__Excerpted data__.
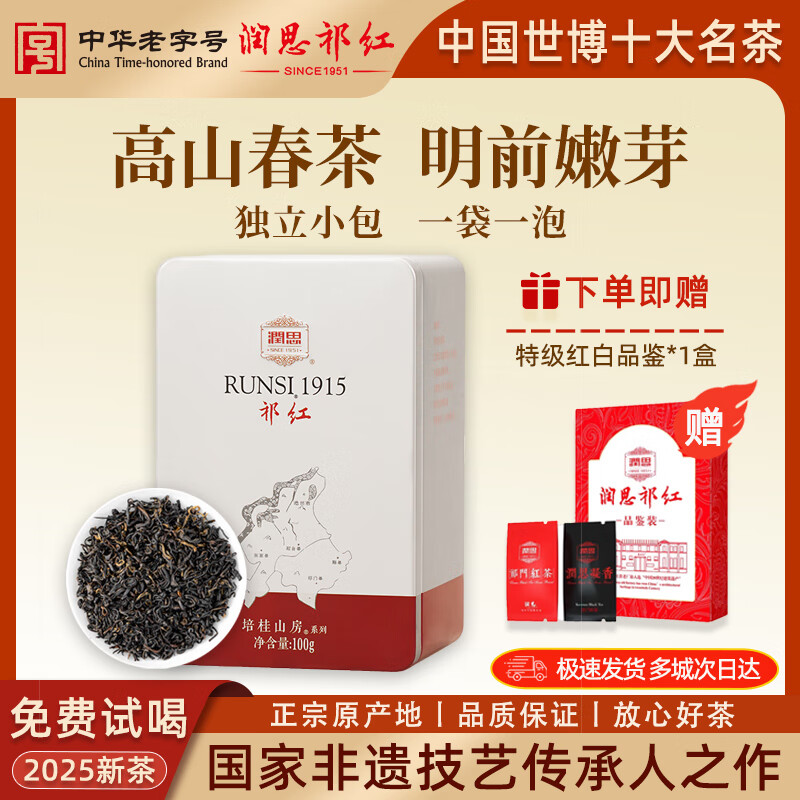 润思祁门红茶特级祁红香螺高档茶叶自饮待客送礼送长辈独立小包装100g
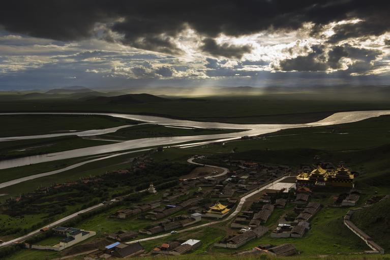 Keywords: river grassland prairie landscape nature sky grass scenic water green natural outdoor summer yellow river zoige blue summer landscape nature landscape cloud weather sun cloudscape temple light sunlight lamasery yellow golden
* * *
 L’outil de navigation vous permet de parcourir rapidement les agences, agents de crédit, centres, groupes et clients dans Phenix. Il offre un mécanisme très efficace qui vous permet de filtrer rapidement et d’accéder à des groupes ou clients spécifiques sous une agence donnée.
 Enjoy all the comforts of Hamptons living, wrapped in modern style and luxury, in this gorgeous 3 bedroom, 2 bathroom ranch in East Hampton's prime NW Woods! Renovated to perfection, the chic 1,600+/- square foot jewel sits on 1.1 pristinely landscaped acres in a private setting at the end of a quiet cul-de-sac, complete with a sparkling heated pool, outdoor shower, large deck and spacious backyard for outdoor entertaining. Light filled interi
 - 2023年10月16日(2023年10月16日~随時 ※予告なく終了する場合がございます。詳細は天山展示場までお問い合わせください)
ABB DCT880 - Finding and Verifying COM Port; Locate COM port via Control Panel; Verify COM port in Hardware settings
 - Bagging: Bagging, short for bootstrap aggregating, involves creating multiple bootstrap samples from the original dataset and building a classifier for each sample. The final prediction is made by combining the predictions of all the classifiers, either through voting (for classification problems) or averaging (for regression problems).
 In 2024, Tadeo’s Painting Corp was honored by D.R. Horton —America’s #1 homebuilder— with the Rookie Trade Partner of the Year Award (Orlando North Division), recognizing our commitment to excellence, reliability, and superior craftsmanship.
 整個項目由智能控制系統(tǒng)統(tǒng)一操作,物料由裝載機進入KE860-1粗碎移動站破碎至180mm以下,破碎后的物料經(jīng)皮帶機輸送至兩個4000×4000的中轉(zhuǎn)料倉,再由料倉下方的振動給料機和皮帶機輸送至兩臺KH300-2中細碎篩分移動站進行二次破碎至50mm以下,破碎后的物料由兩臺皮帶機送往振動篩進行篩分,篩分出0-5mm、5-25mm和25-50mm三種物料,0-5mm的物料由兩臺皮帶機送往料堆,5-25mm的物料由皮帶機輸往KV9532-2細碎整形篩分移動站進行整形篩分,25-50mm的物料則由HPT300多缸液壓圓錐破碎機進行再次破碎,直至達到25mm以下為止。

__The problem__. The expected answer is an exact copy of the lines above, beginning at the line with "L’outil de navigation" and ending at the line with "整個項目由智能控制系統(tǒ", with both ends in.

__Answer for this exercise__.
 L’outil de navigation vous permet de parcourir rapidement les agences, agents de crédit, centres, groupes et clients dans Phenix. Il offre un mécanisme très efficace qui vous permet de filtrer rapidement et d’accéder à des groupes ou clients spécifiques sous une agence donnée.
 Enjoy all the comforts of Hamptons living, wrapped in modern style and luxury, in this gorgeous 3 bedroom, 2 bathroom ranch in East Hampton's prime NW Woods! Renovated to perfection, the chic 1,600+/- square foot jewel sits on 1.1 pristinely landscaped acres in a private setting at the end of a quiet cul-de-sac, complete with a sparkling heated pool, outdoor shower, large deck and spacious backyard for outdoor entertaining. Light filled interi
 - 2023年10月16日(2023年10月16日~随時 ※予告なく終了する場合がございます。詳細は天山展示場までお問い合わせください)
ABB DCT880 - Finding and Verifying COM Port; Locate COM port via Control Panel; Verify COM port in Hardware settings
 - Bagging: Bagging, short for bootstrap aggregating, involves creating multiple bootstrap samples from the original dataset and building a classifier for each sample. The final prediction is made by combining the predictions of all the classifiers, either through voting (for classification problems) or averaging (for regression problems).
 In 2024, Tadeo’s Painting Corp was honored by D.R. Horton —America’s #1 homebuilder— with the Rookie Trade Partner of the Year Award (Orlando North Division), recognizing our commitment to excellence, reliability, and superior craftsmanship.
 整個項目由智能控制系統(tǒng)統(tǒng)一操作,物料由裝載機進入KE860-1粗碎移動站破碎至180mm以下,破碎后的物料經(jīng)皮帶機輸送至兩個4000×4000的中轉(zhuǎn)料倉,再由料倉下方的振動給料機和皮帶機輸送至兩臺KH300-2中細碎篩分移動站進行二次破碎至50mm以下,破碎后的物料由兩臺皮帶機送往振動篩進行篩分,篩分出0-5mm、5-25mm和25-50mm三種物料,0-5mm的物料由兩臺皮帶機送往料堆,5-25mm的物料由皮帶機輸往KV9532-2細碎整形篩分移動站進行整形篩分,25-50mm的物料則由HPT300多缸液壓圓錐破碎機進行再次破碎,直至達到25mm以下為止。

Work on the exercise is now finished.